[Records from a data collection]
▶

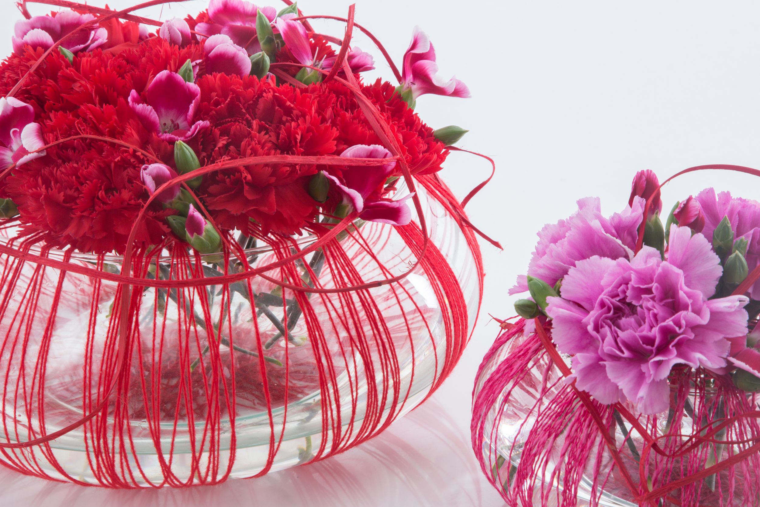 Roos van Unen has created a simple, but effective design with Dianthus. The different varieties, shapes and colours of the Dianthus create a beautiful collection together and are nicely combined with transparent bowls. The decorative brightly-coloured threads create a playful and slightly romantic effect. It is a perfect and subtle gift.
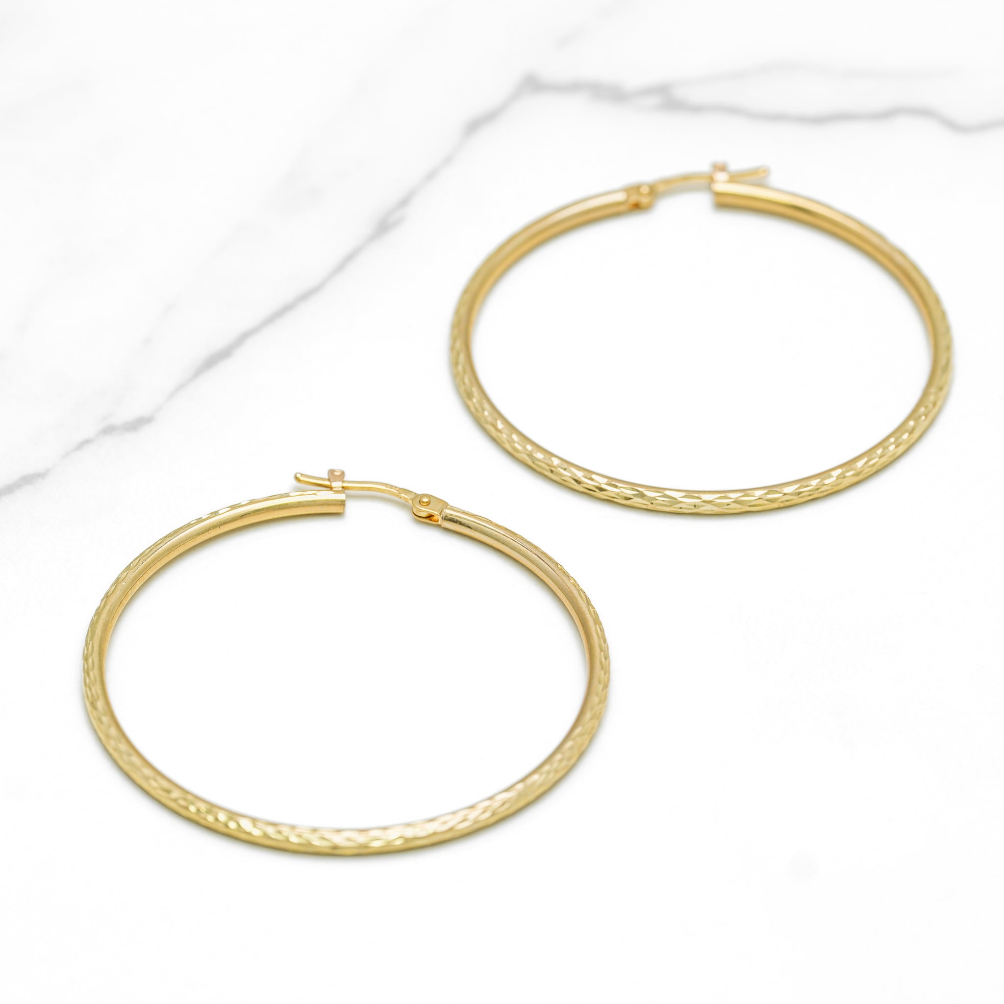 These 10K yellow gold hoops, adorned with a diamond cut, are an essential piece of jewelry for any collection. Perfect for everyday wear with a touch of elegance.
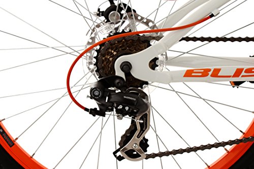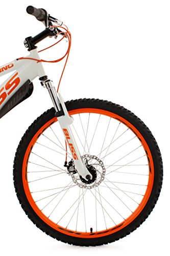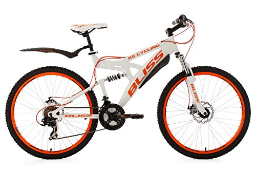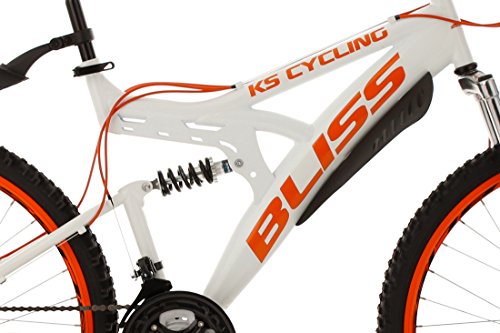 Stürzen Sie sich ins Abenteuer Mountainbiking: mit dem BLISS von KS Cycling! Das vollgefederte 26"-Mountainbike kommt ganz in Weiß mit schwarzen Anbauteilen und Felgen, Decals und Kabelzügen in knalligem Orange. Auch Spritzschutz und Sattel sind aufs Design voll abgestimmt. Diese Hammer-Optik steht überall im Mittelpunkt!
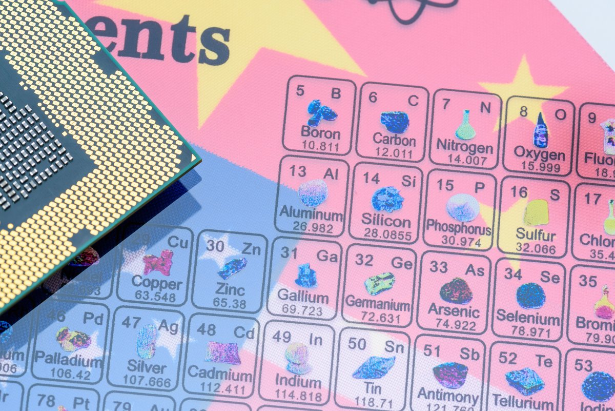 Ein CPU-Chip, ein Periodensystem über der chinesischen und US-amerikanischen Flagge – als Symbol für den Kampf um seltene Erden.
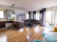 Situado en la planta superior de un edificio bien mantenido de tres plantas, el ático se beneficia de una orientación orientada al sur y una abundancia de luz natural. El interior consta de una cómoda zona de estar, una cocina totalmente equipada, dos dormitorios y dos baños, todos presentados en excelente estado y totalmente amueblados. Una terraza cubierta extiende el espacio habitable al aire libre, mientras que el jardín privado de 50 m2 de techo ofrece un entorno perfecto para relajarse o entretenerse en la privacidad.
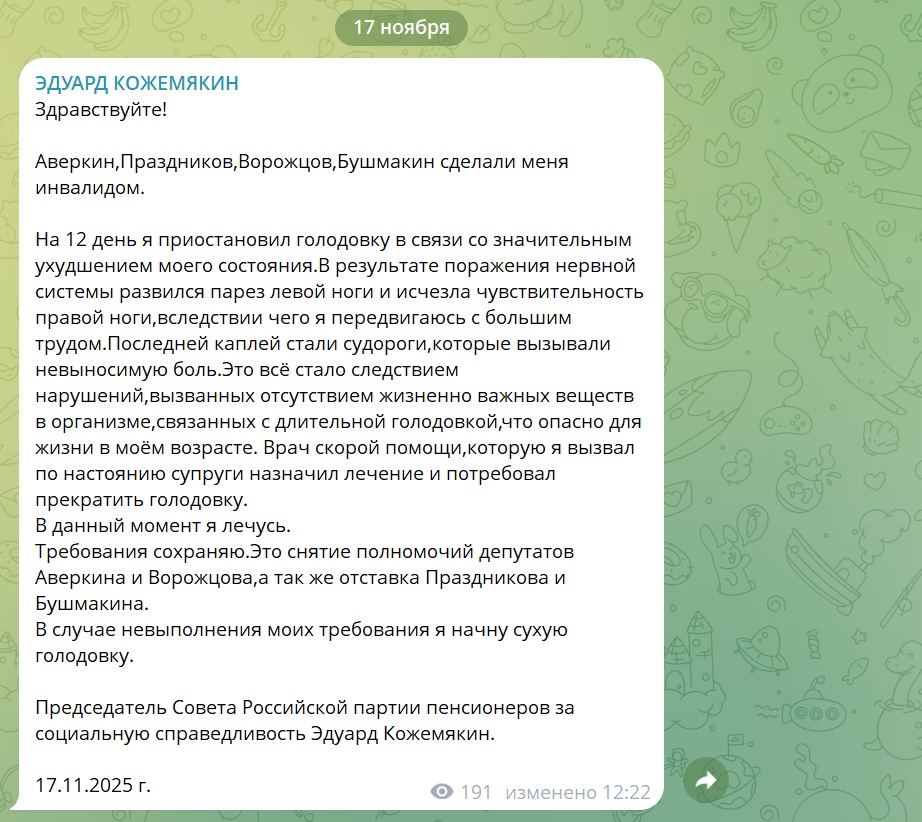 Вечером 17 ноября 2025 года Эдуард Кожемякин сообщил о приостановке своей акции протеста, начатой 5 ноября. Причиной стало резкое ухудшение здоровья: у него развился парез левой ноги, пропала чувствительность правой конечности и начались сильные судороги. Врачи скорой помощи потребовали прекратить голодовку из-за угрозы необратимых последствий. Итог: минус семь килограммов веса и ни шагу назад в политических требованиях.
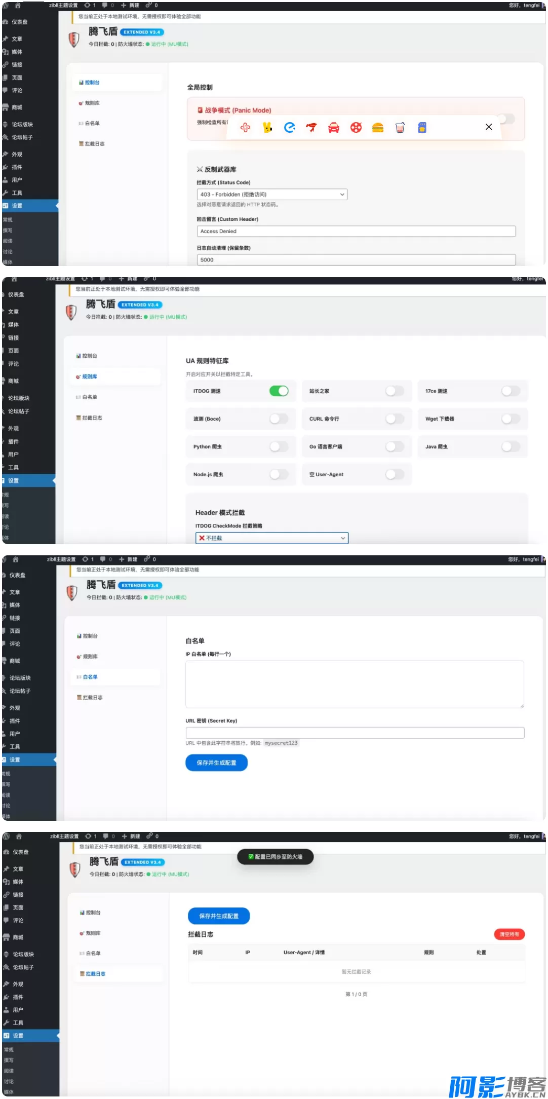 这是一款可以屏蔽测速网站的安全插件,可以去屏蔽测速网站的一款插件,这款插件还是比较不错的,因为有很多人喜欢测自己的网站速度,这款插件就可以把他们给屏蔽,喜欢的自行部署吧!
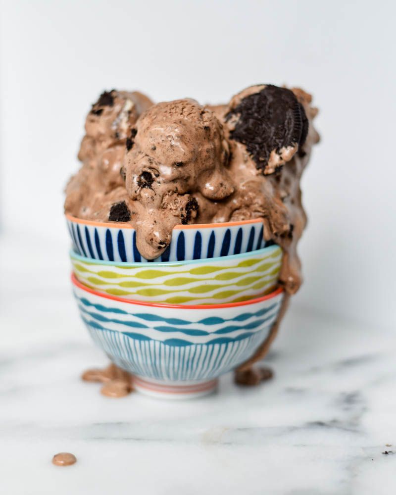 - Whip the heavy cream until soft peaks form. Add in the powdered sugar and beat until fully incorporated. Fold in the sweetened condensed milk, followed by the Oreos.
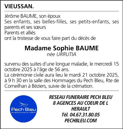 Décédée à Vieussan (34390, France) le mercredi 15 octobre 2025 à l'âge de 56 ans
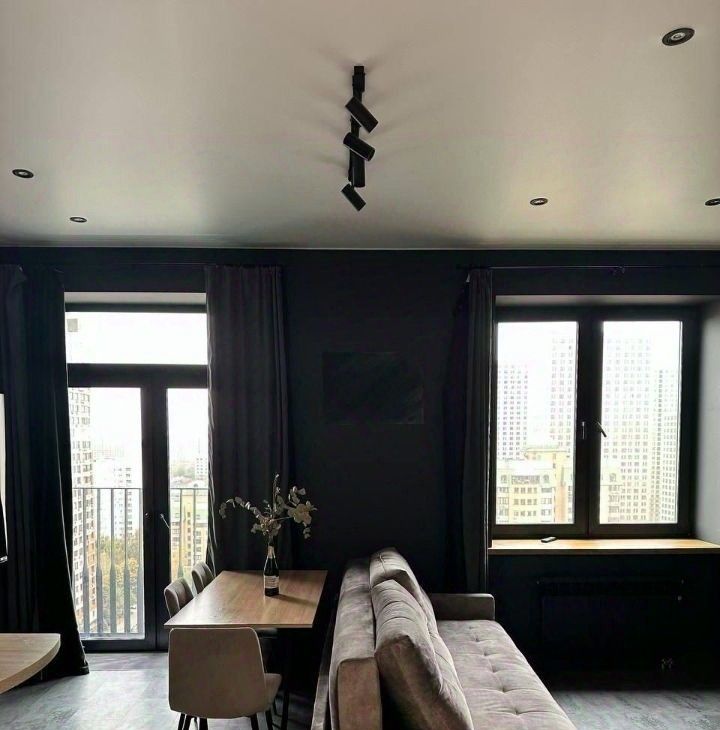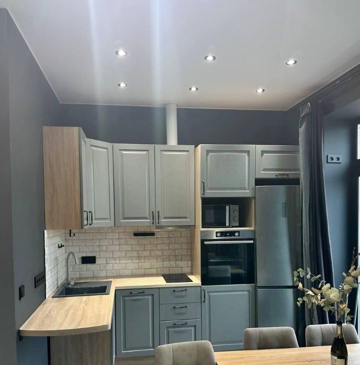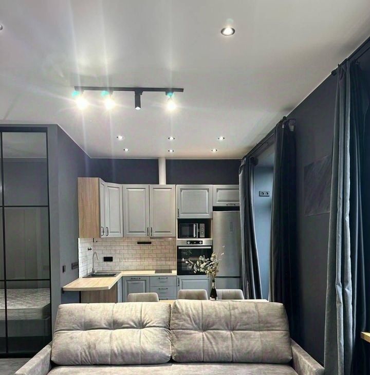 Кухня и комната обставлены современной мебелью.

◀

• What you need to do
Make a word-for-word copy of the records above, excluding all pictures.

• Your response
 Roos van Unen has created a simple, but effective design with Dianthus. The different varieties, shapes and colours of the Dianthus create a beautiful collection together and are nicely combined with transparent bowls. The decorative brightly-coloured threads create a playful and slightly romantic effect. It is a perfect and subtle gift.
 These 10K yellow gold hoops, adorned with a diamond cut, are an essential piece of jewelry for any collection. Perfect for everyday wear with a touch of elegance.
 Stürzen Sie sich ins Abenteuer Mountainbiking: mit dem BLISS von KS Cycling! Das vollgefederte 26"-Mountainbike kommt ganz in Weiß mit schwarzen Anbauteilen und Felgen, Decals und Kabelzügen in knalligem Orange. Auch Spritzschutz und Sattel sind aufs Design voll abgestimmt. Diese Hammer-Optik steht überall im Mittelpunkt!
 Ein CPU-Chip, ein Periodensystem über der chinesischen und US-amerikanischen Flagge – als Symbol für den Kampf um seltene Erden.
 Situado en la planta superior de un edificio bien mantenido de tres plantas, el ático se beneficia de una orientación orientada al sur y una abundancia de luz natural. El interior consta de una cómoda zona de estar, una cocina totalmente equipada, dos dormitorios y dos baños, todos presentados en excelente estado y totalmente amueblados. Una terraza cubierta extiende el espacio habitable al aire libre, mientras que el jardín privado de 50 m2 de techo ofrece un entorno perfecto para relajarse o entretenerse en la privacidad.
 Вечером 17 ноября 2025 года Эдуард Кожемякин сообщил о приостановке своей акции протеста, начатой 5 ноября. Причиной стало резкое ухудшение здоровья: у него развился парез левой ноги, пропала чувствительность правой конечности и начались сильные судороги. Врачи скорой помощи потребовали прекратить голодовку из-за угрозы необратимых последствий. Итог: минус семь килограммов веса и ни шагу назад в политических требованиях.
 这是一款可以屏蔽测速网站的安全插件,可以去屏蔽测速网站的一款插件,这款插件还是比较不错的,因为有很多人喜欢测自己的网站速度,这款插件就可以把他们给屏蔽,喜欢的自行部署吧!
 - Whip the heavy cream until soft peaks form. Add in the powdered sugar and beat until fully incorporated. Fold in the sweetened condensed milk, followed by the Oreos.
 Décédée à Vieussan (34390, France) le mercredi 15 octobre 2025 à l'âge de 56 ans
 Кухня и комната обставлены современной мебелью.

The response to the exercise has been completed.